[[ Excerpted records, beginning ]]

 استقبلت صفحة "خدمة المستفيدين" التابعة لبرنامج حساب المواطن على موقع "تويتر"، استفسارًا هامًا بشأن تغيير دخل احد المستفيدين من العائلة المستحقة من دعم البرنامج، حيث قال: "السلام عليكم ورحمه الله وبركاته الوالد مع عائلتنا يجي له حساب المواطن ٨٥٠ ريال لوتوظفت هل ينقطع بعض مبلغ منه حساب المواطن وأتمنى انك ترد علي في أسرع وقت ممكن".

[[ Excerpted records, end ]]
[[ Excerpted records, beginning ]]

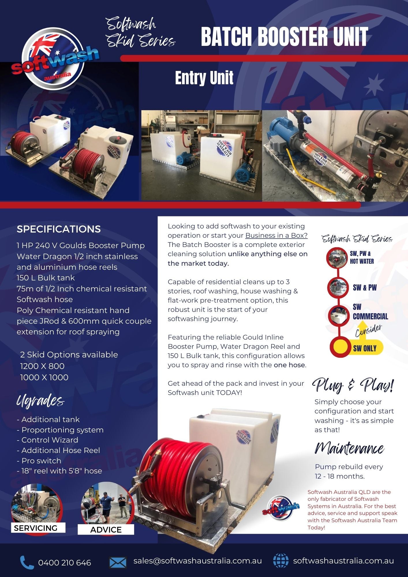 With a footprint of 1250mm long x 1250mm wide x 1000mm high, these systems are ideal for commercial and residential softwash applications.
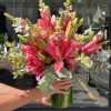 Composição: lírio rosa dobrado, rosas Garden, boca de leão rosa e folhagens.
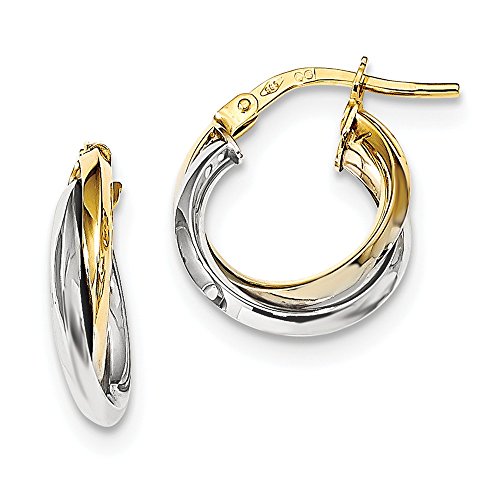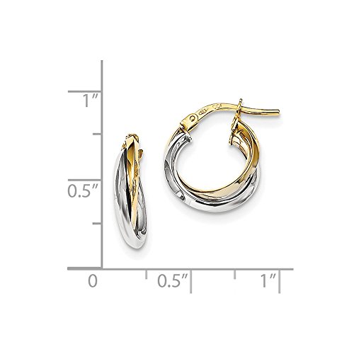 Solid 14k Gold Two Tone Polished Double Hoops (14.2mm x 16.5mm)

[[ Excerpted records, end ]]

Requirement » Leaving pictures out, output the lines of the data above from the one with "With a footprint" through the one with "Solid 14k Gold", word for word.

Exercise answer »
 With a footprint of 1250mm long x 1250mm wide x 1000mm high, these systems are ideal for commercial and residential softwash applications.
 Composição: lírio rosa dobrado, rosas Garden, boca de leão rosa e folhagens.
 Solid 14k Gold Two Tone Polished Double Hoops (14.2mm x 16.5mm)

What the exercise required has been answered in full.